Sunday, July 16, 2017

Kubernetes Notes (2): Node Prioritization on Resources


When there are multiple nodes with enough resources available to deploy pods, the Kubernetes scheduler selects the node with highest score. Let's discuss how Kubernetes prioritize nodes based on resources.

The Kubernetes scheduler has three algorithm related to resources. The first one is the least_requested algorithm, with which the Kubernetes scheduler tends to spread pods out and keep resource utilization rate on every node low. The algorithm looks like below:

// The unused capacity is calculated on a scale of 0-10
// 0 being the lowest priority and 10 being the highest.
// The more unused resources the higher the score is.
func calculateUnusedScore(requested int64, capacity int64, node string) int64 {
    if capacity == 0 {
        return 0
    }
    if requested > capacity {
        glog.V(10).Infof("Combined requested resources %d from existing pods exceeds capacity %d on node %s",
            requested, capacity, node)
        return 0
    }
    return ((capacity - requested) * 10) / capacity
}

allocatableResources := nodeInfo.AllocatableResource()
totalResources := *podRequests
totalResources.MilliCPU += nodeInfo.NonZeroRequest().MilliCPU
totalResources.Memory += nodeInfo.NonZeroRequest().Memory
cpuScore := calculateUnusedScore(totalResources.MilliCPU, allocatableResources.MilliCPU, node.Name)
memoryScore := calculateUnusedScore(totalResources.Memory, allocatableResources.Memory, node.Name)

The final score is the average of cpuScore and memoryScore. The code above shows that the nodes with lower resource utlization rate have higher score, then highter priority to deploy pods. If there are two nodes (with 2 CPU and 4 CPU respectively) available when scheduling a pod requesting 1 CPU, the least_requested algorithm tends to select the node with 4 CPU.

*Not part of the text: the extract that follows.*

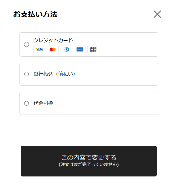 ログイン状態でお申込みいただいた場合は、ご注文後に「銀行振込」→「クレジットカード決済」などお支払方法の変更も可能です。

The most_requested algorithm behaves in the opposite way, with which the Kubernetes scheduler tends to deploy pods onto nodes with the highest resource utilization rate. The code to score nodes is below:

// The used capacity is calculated on a scale of 0-10
// 0 being the lowest priority and 10 being the highest.
// The more resources are used the higher the score is. This function
// is almost a reversed version of least_requested_priority.calculatUnusedScore
// (10 - calculateUnusedScore). The main difference is in rounding. It was added to
// keep the final formula clean and not to modify the widely used (by users
// in their default scheduling policies) calculateUSedScore.
func calculateUsedScore(requested int64, capacity int64, node string) int64 {
    if capacity == 0 {
        return 0
    }
    if requested > capacity {
        glog.V(10).Infof("Combined requested resources %d from existing pods exceeds capacity %d on node %s",
            requested, capacity, node)
        return 0
    }
    return (requested * 10) / capacity
}

If there are two nodes (with 2 CPU and 4 CPU respectively) available when scheduling a pod requesting 1 CPU, the most_requested algorithm tends to select the node with 2 CPU.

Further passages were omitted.